- [Requirement] Could you retype only the lines from the one containing "Blunt Straight hairstyle" through the final line of the entries, both included, skipping any images?

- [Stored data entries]
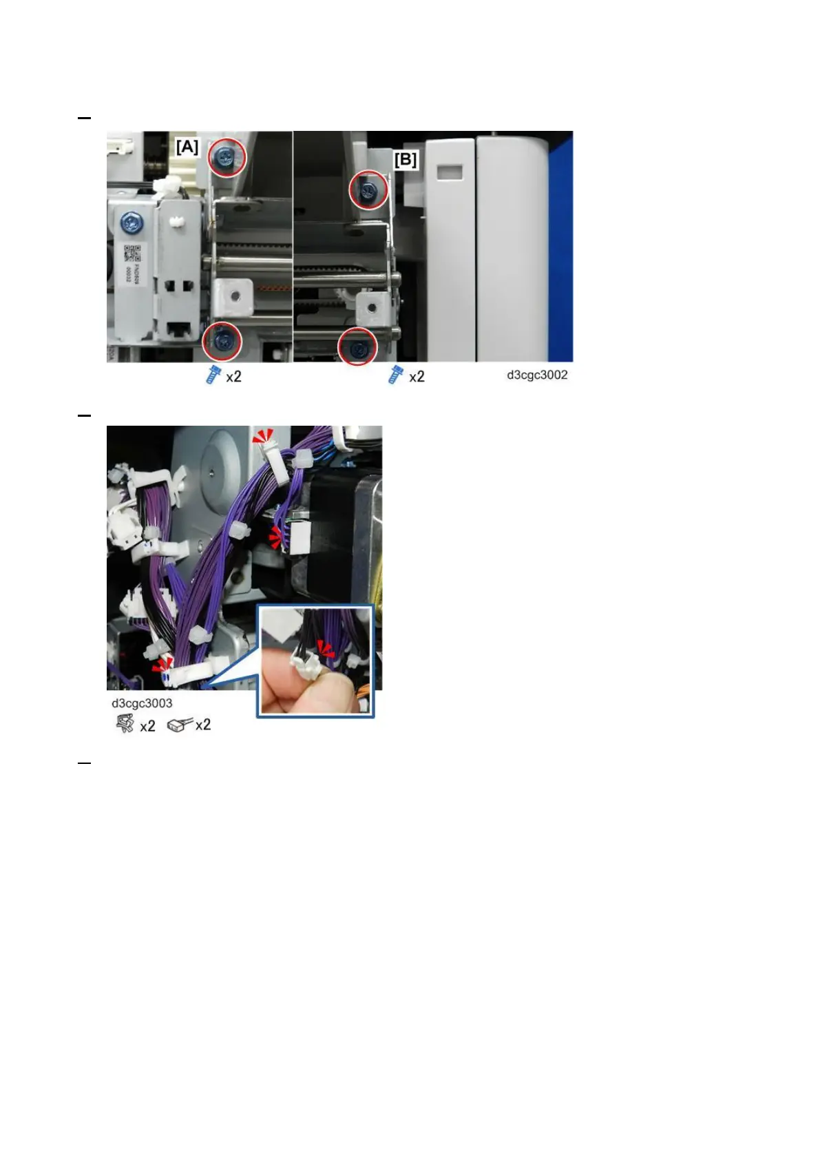 6. Disconnect the front end of the paper guide unit bracket [B].
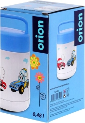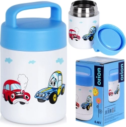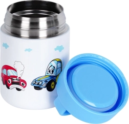 Termos pentru mâncare, stilat și funcțional, cu motiv pentru copii cu mașinuțe, ideal pentru supe, piureuri, paste, salate și fructe. Datorită construcției din oțel inoxidabil este rezistent, igienic și menține conținutul la temperatura optimă. Gura largă permite servirea comodă direct din recipient și curățarea ușoară.
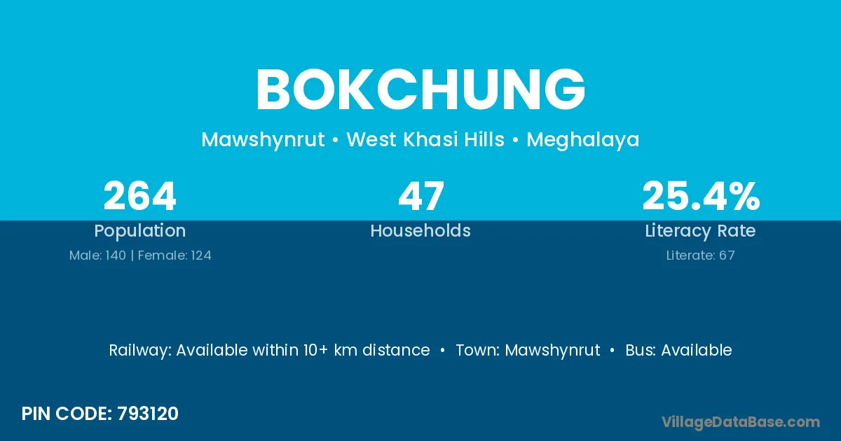 Bokchung village has a total population of 264 people, of which 140 are males and 124 are females.
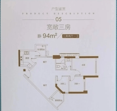 94㎡三房两厅一卫户型,是刚需家庭的优选户型。该户型布局方正,南北通透,通风采光效果极佳,客厅连接观景阳台,既能保证室内采光充足,又能让业主在阳台欣赏社区园林或周边景观。主卧与次卧空间宽敞,均能摆放1.8米大床及衣柜等家具,满足日常居住需求;书房空间灵活多变,可根据家庭需求改造为儿童房、储物间或办公区,提升空间利用率。厨房采用U型设计,操作空间充足,洗菜、切菜、炒菜动线合理,让烹饪更加便捷;卫生间干湿分离设计,有效避免潮湿问题,保持室内环境整洁。
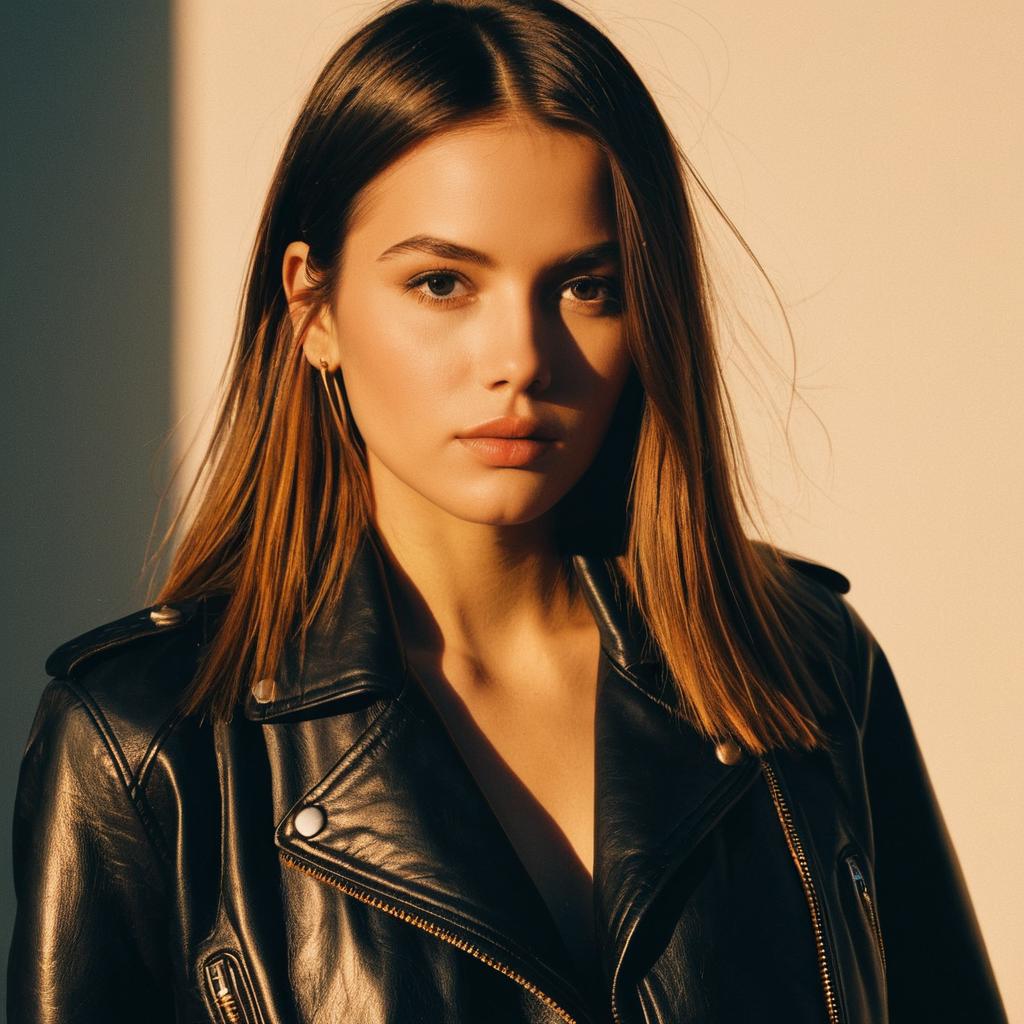 Blunt Straight hairstyle on fashion model, wearing additionally embellished leather jacket, in rodeustore loft, captured in fashion editorial style with harsh overhead spotlight.
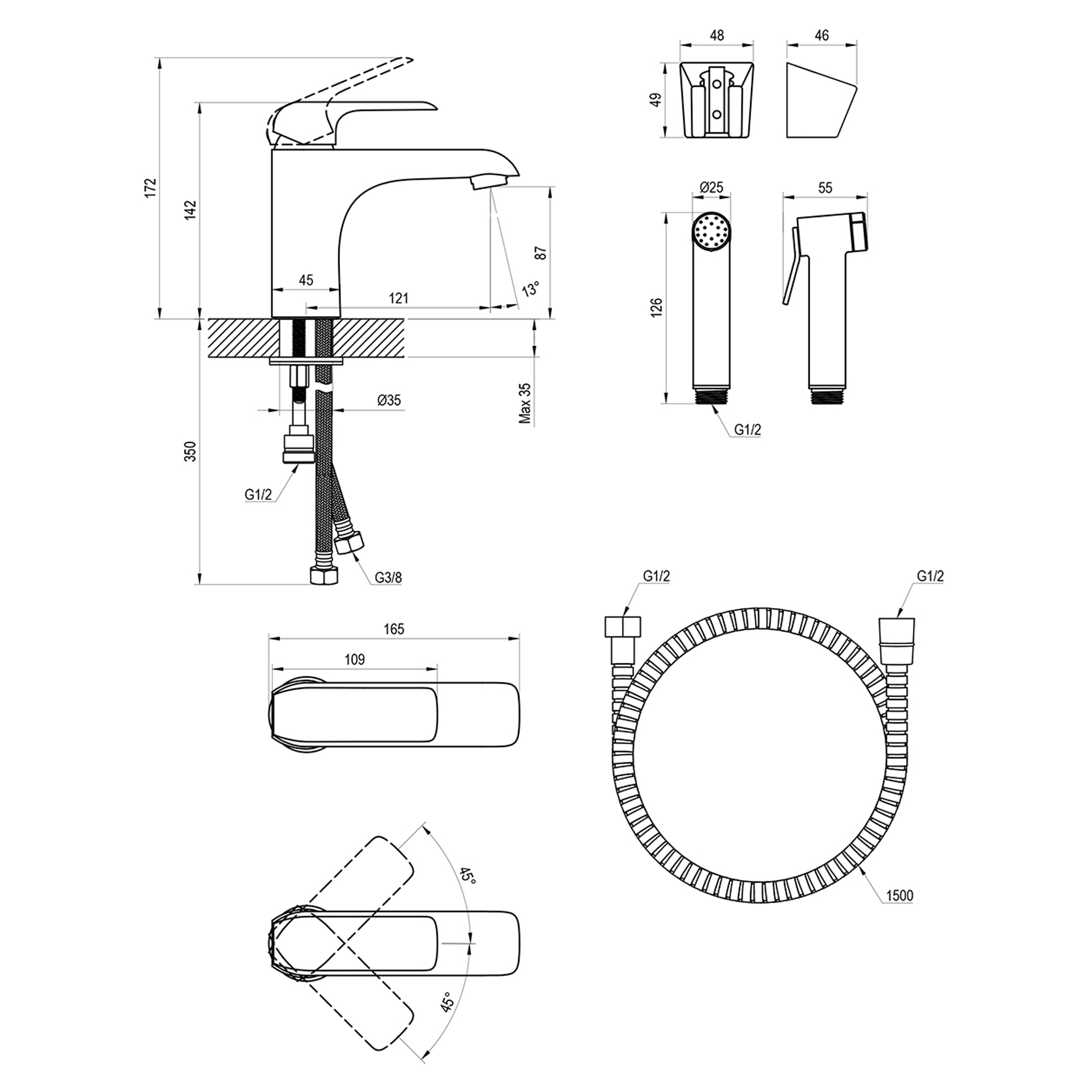 Flat tvättställsblandare med bidédusch
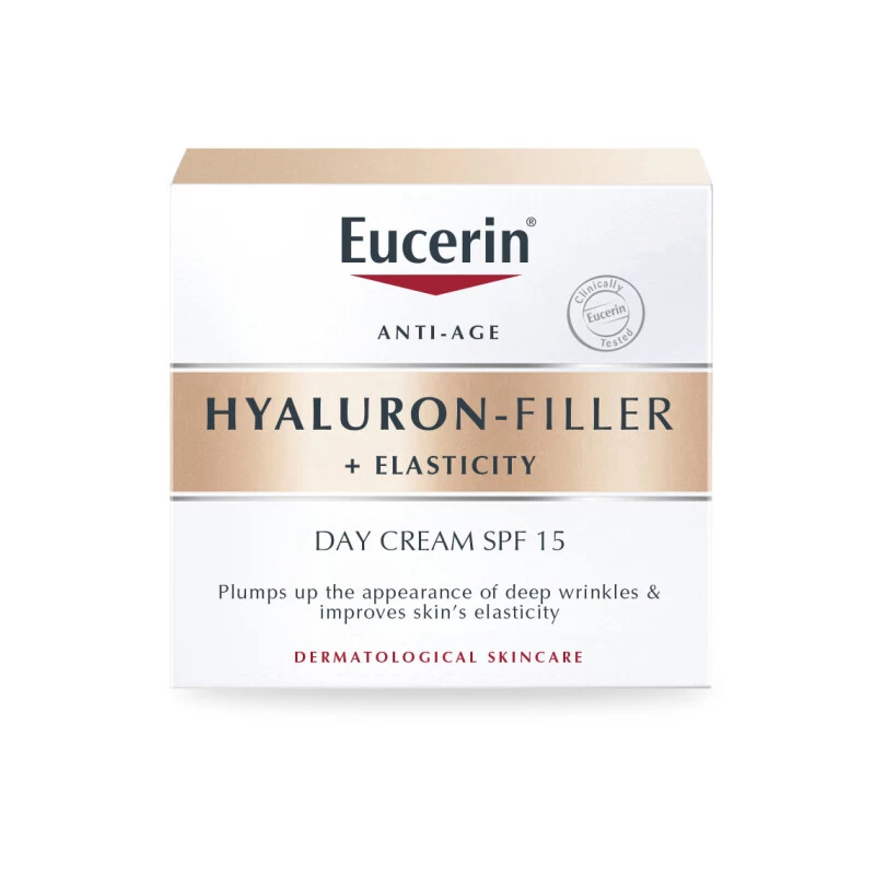 Eucerin Hyaluron-Filler Elasticity Day Cream SPF15 for dry skin is an anti-ageing day cream with SPF15, UVA protection and 3x Effect formula that visibly reduces fine lines and wrinkles for a rejuvenated look. Using an innovative blend of Hyaluronic Acid and Glycine Saponin, the Eucerin Hyaluron-Filler day cream delivers a more targeted approach to visibly plumping even deep wrinkles.

- [Result]
 Blunt Straight hairstyle on fashion model, wearing additionally embellished leather jacket, in rodeustore loft, captured in fashion editorial style with harsh overhead spotlight.
 Flat tvättställsblandare med bidédusch
 Eucerin Hyaluron-Filler Elasticity Day Cream SPF15 for dry skin is an anti-ageing day cream with SPF15, UVA protection and 3x Effect formula that visibly reduces fine lines and wrinkles for a rejuvenated look. Using an innovative blend of Hyaluronic Acid and Glycine Saponin, the Eucerin Hyaluron-Filler day cream delivers a more targeted approach to visibly plumping even deep wrinkles.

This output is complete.